The aggressive ones stab in the back too, their hour of calling to do this heinous act is usually at the time of annual performance appraisal exercise, where they strike with either awarding low performance rating or put a stop to transfers and promotions. This is one format of bullying by retaliation!

Life at work becomes even more difficult if the bullying supervisor is incompetent. To mask his/her inadequacies, such resort to despicable and uncouth behaviour; public insult and tongue lashing are their nuclear weapons to strike with at colleagues.

They are also usually afflicted with dual personality syndrome; hence they insult colleagues in full public view and later apologise in the quietness of their cabins.

The brilliant bullies are akin to dazzling meteorites that fades away with time. They dig their own grave, and for which they seek no assistance. Arrogance of ability makes them the worst bullies.

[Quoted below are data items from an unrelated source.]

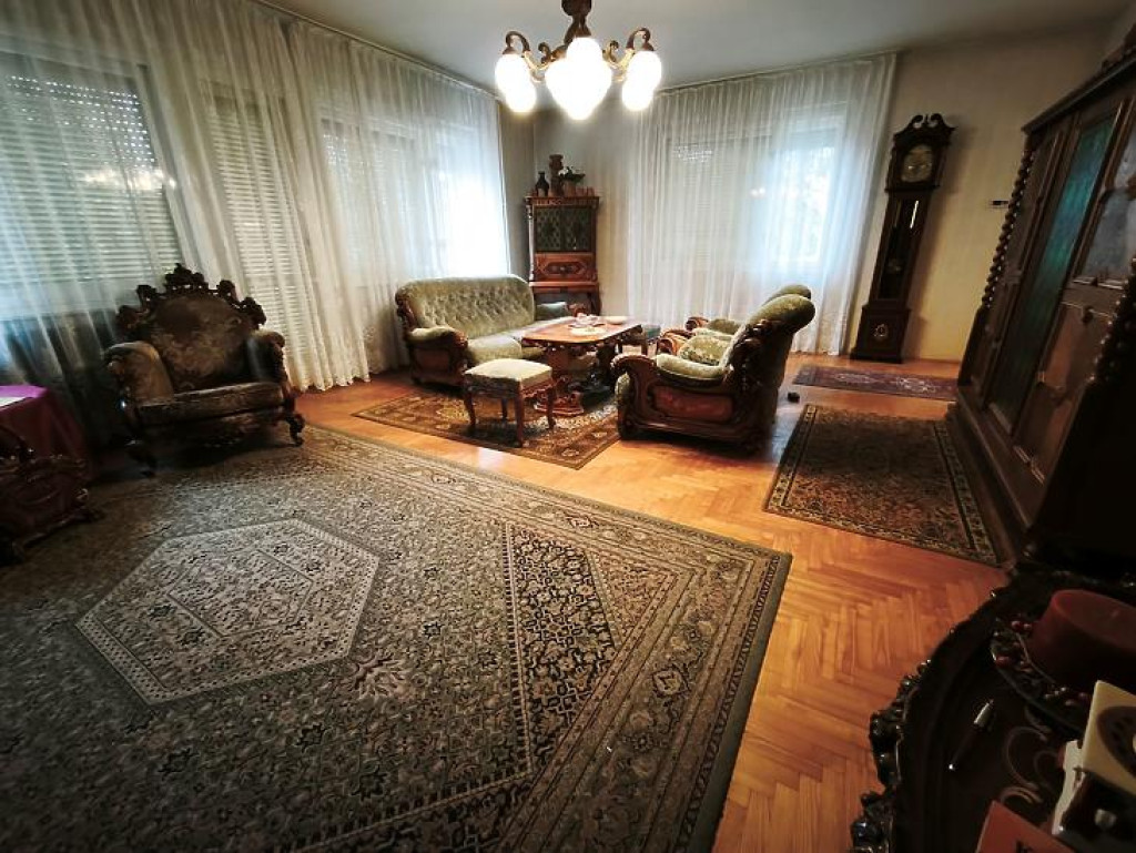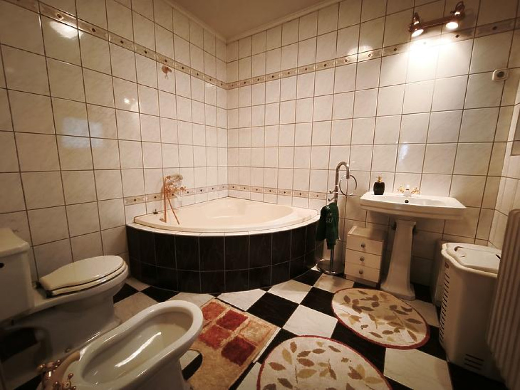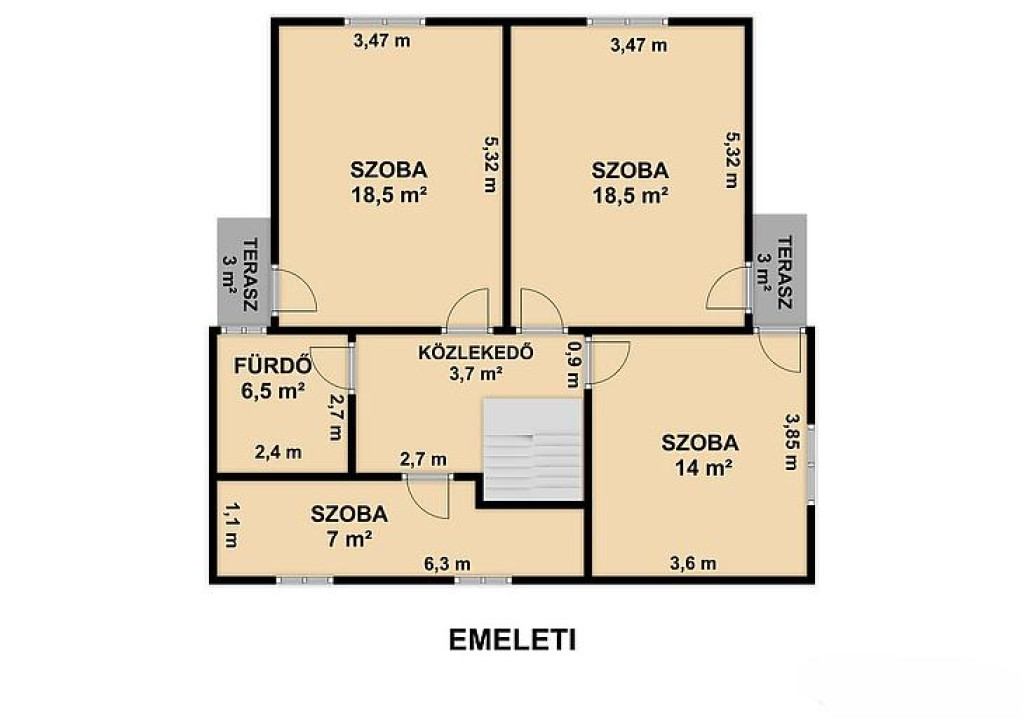 Emelet: 4 szoba, fürdőszoba + mellékhelyiség, közlekedő, 2 erkély.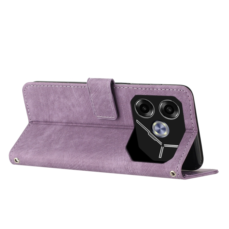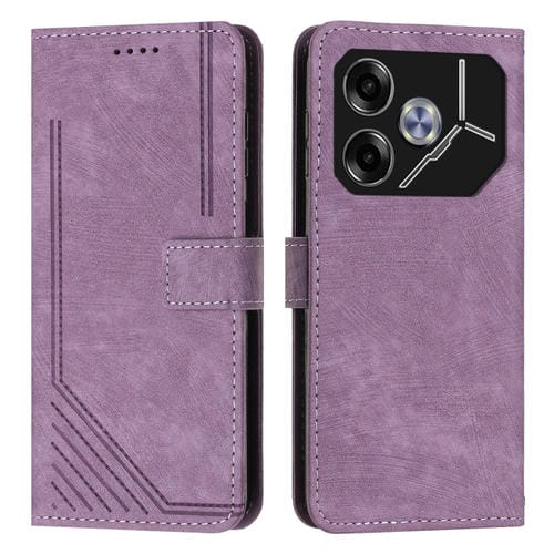 Funda de Cuero para Tecno Pova 6 con Patrón de Rayas y Cordón Largo (Púrpura)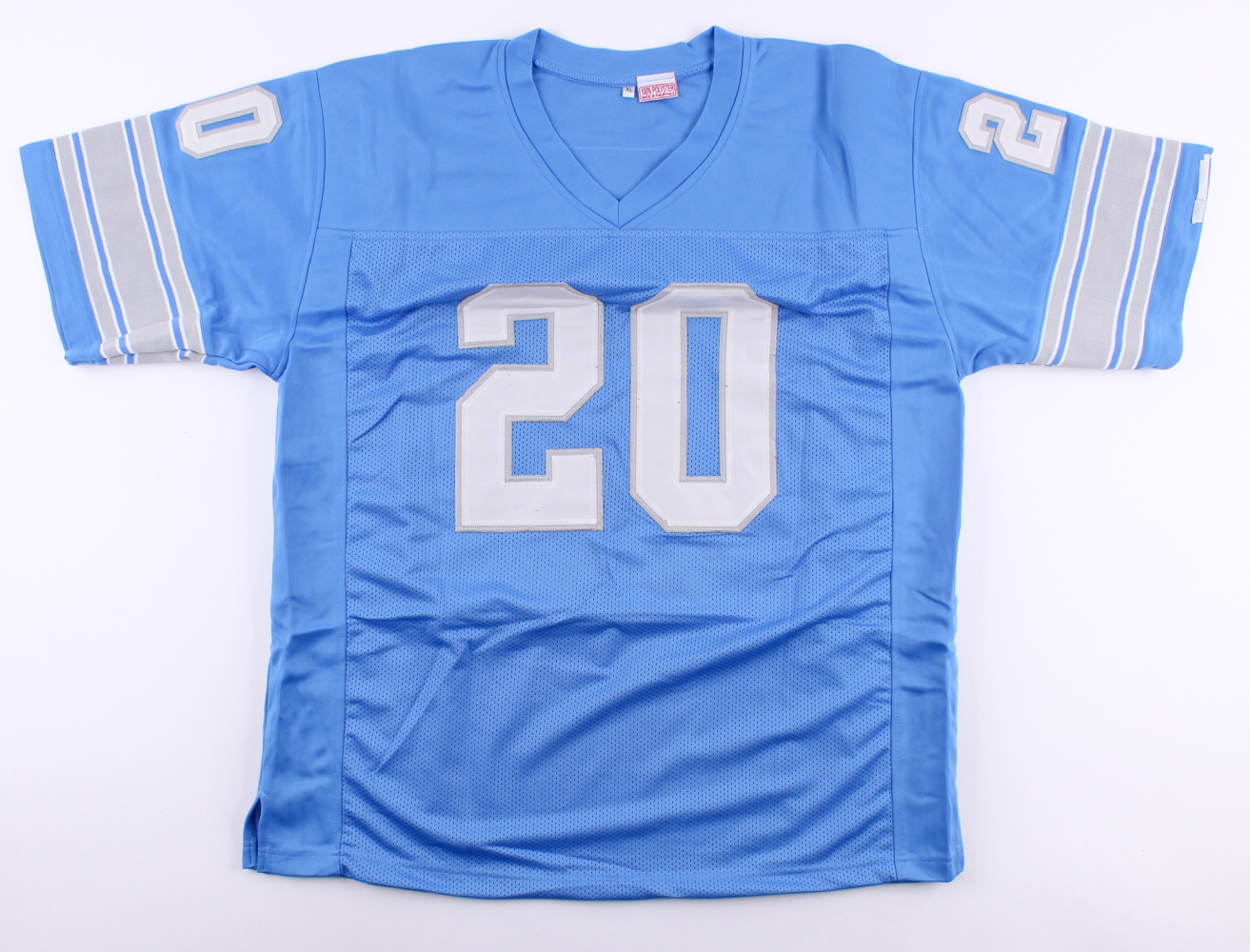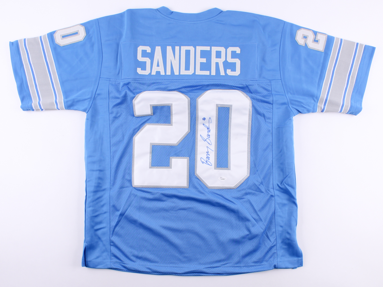 Custom on-field style jersey. Everything sewn on, size XL. Hand-signed in blue felt-tip pen by Barry Sanders (HOF). Please note, autograph has bled slightly. See photos for further details regarding condition of the jersey.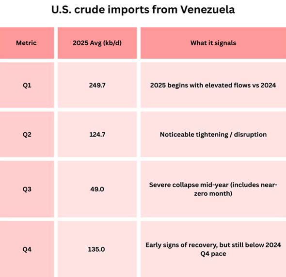 Heavy, sour grades that complicated Gulf Coast refineries can operate well to get the most diesel and other high-value products. But the story hasn't been a simple "return to normal" in 2025–2026. Instead, there has been a stop-start cycle caused by licensing, compliance risk, shipping limits, and changing U.S. policy goals. Then, in early 2026, there was a sudden turn toward more structured, deal-driven flows.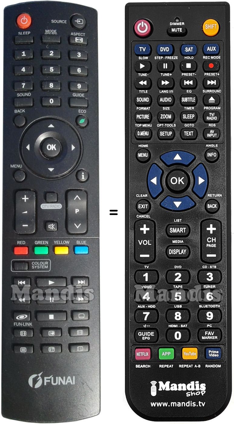 Below, we will show you the correspondence between each button on the original remote control and the button that performs the same function on the replacement remote control. In some cases, you may need to press the SHIFT key before pressing another button to perform certain actions. These additional functions are often not widely used and are included to facilitate understanding of the replacement remote control, or because the original remote control has more buttons than its equivalent.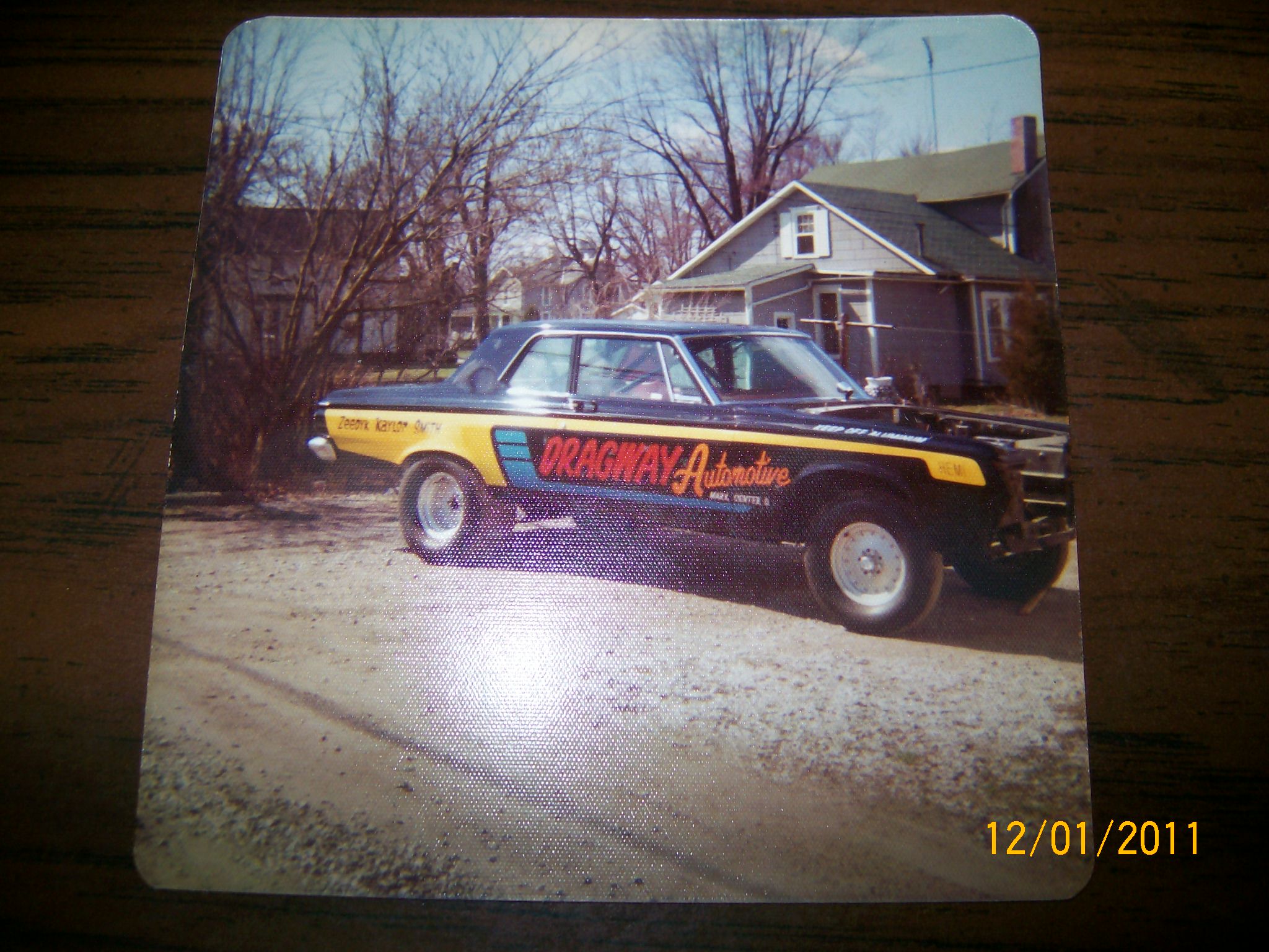 Here are a couple of pictures of cars Dad lettered or striped. The Chrysler had a aluminum front end. He also did gold leaf and chroma-graphics on several cars snowmobiles and others. Dad said "HI" John. I will add more as I go through them.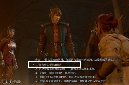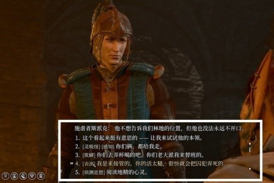 接着对应属性选项选择,小编个人推荐选5侦测思想,投骰子难度低,也能了解到更多剧情。接着选1我来接管,这样施虐者斯派克就会直接离开这个房间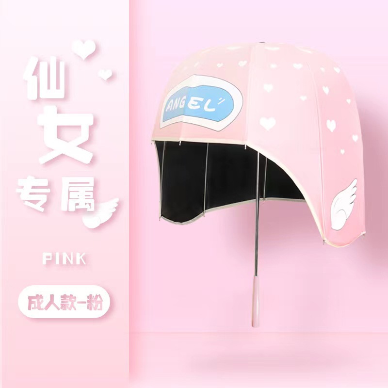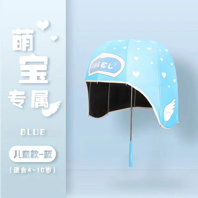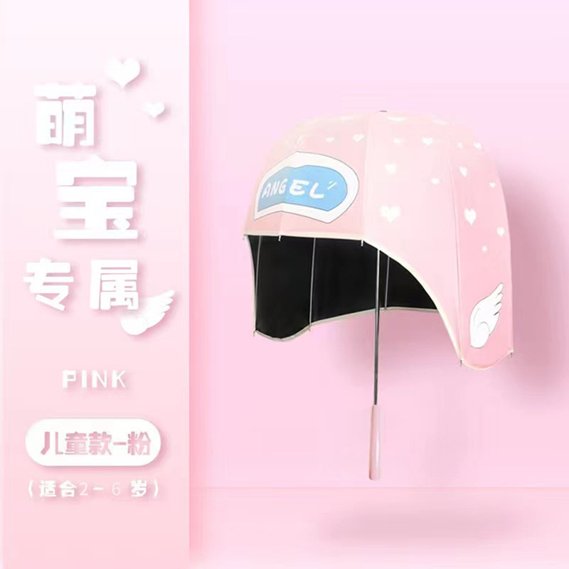 晴雨两用伞女跨境新颖儿童成人伞 厂家销售黑胶防晒头盔帽子伞定制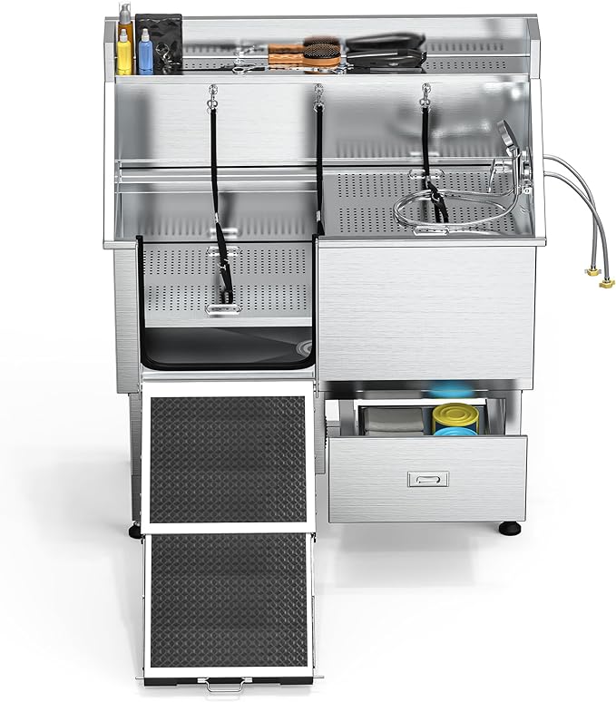 - Spacious Storage: Our pet bathing station's twin-drawer design expands storage capacity, each drawer supporting up to 22lb; The extended top shelf allows easy tool access, helping keep your grooming area tidy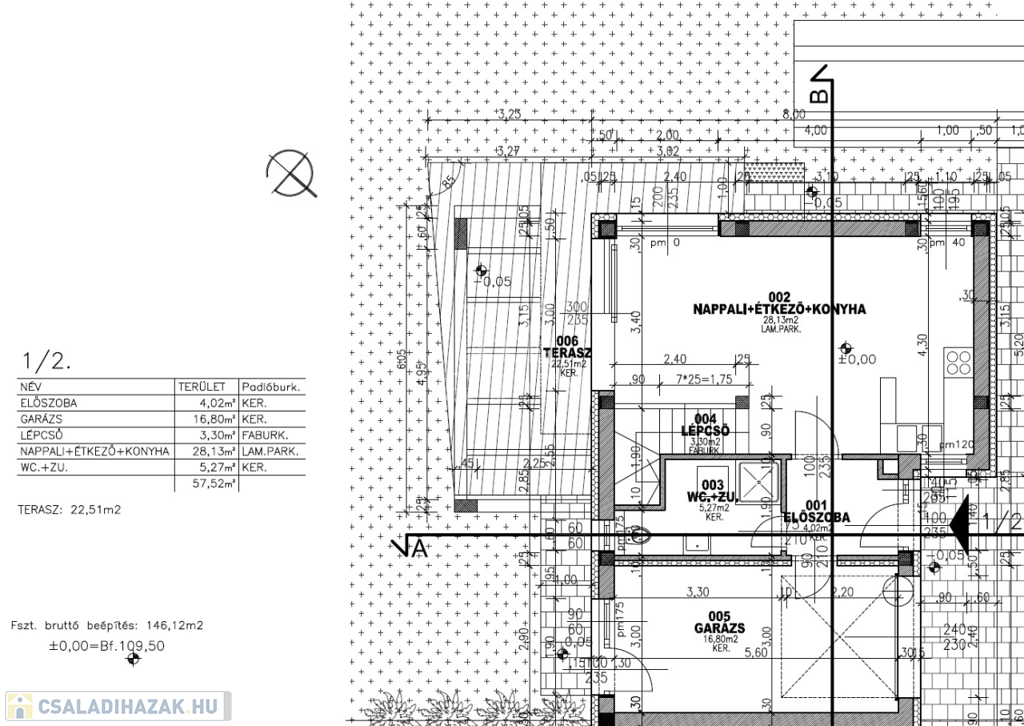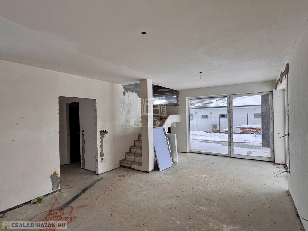 előszoba 4 m2, nappali-étkező+ konyha 28 m2, zuhanyozó +WC (5,27 m2), emeletre vezető lépcsőtér 3,3 m2, garázs 17,4 m2, plusz egy 22,5 m2-es terasz került kialakításra.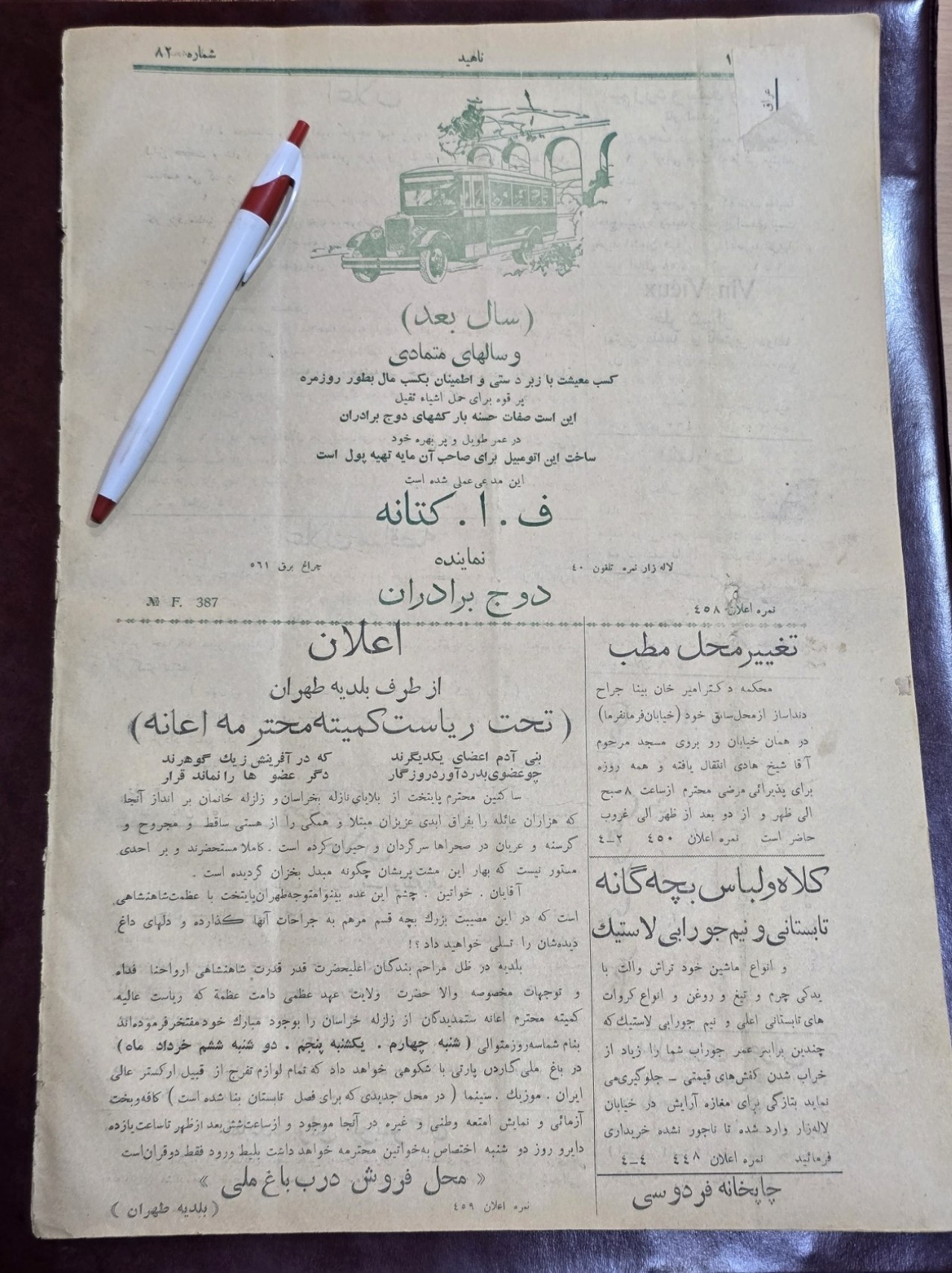 دارای مطالب مهم و اعلان های جالب و مهم از جمله اعلان اتومبیل بارکش فورد که از اولین اتومبیل های آن زمان بودند و اعلانهای متنوع دیگر

From Aesop's Fable story, “The Swallow and Other Birds”, all of us have learnt the moral, ‘Destroy the seed of evil, or it will grow up to your ruin’.

Far and few incidents of bullying at the shop floor can be and for good reasons should be ignored; but if they start to grow, it must be recognised for stubbing it out, otherwise only to the peril of the organisation, it will strike at the management's eye, when it is too late.

Cited as a quote in a different context but most apt to my subject is the following composition, “Some men wish evil and accomplish it; but most men, when they work in that machine; just let it happen somewhere in the wheels; the fault is no decisive, villainous knife; But the dull saw that is the routine mind”. Good tempers get dominated by bad ones and badness is never accidental. These corporate thugs have in them certain boldness and courage to get to be truly base in their management and responses, towards team mates. Aristotle had remarked, “a bad man can do a million times more harm than a beast”.

The corporate bullies who masquerade as the fearsome lot, essentially are masked cowards. To explain this feature and characteristic, allow me to draw further an everyday sighted example.

Dogs love to chase cats, until the cat is running away from it, the moment the cat arrives at a dead end, it turns back with ferocity, her whiskers straitened and fur on its ends, then, almost immediately the dog puts its tail between its legs and walks off…. The dog never hunts a live cat as its prey for lunch! It just enjoys the thrill, the excitement – once confronted it backs off. Similarly, these corporate thugs, with their hidden cowardice, back off too, if the harassed staff dares to confront. When faced with such supervisors, be the cat – do it once only, but do it with firmness!

Those who do not succumb to their tormentor actually must look at these bullies as benefactors, for they help sharpen your skills in the understanding of the evil side of the humankind. Bullies do not prosper perennially. They succumb to their evil deeds. They meet their waterloo, sooner than later. Some bullies I have seen amend themselves when they could not grow worse.

In Rip Van Winkle, Washington Irving, wrote, “A tart temper never mellows with age, and a sharp tongue is the only edged tool that grows keener with constant use” wrong can never beget right. No good can come from evil.

Finally, never should any bully forget, he that mischief hatches, mischief catches!.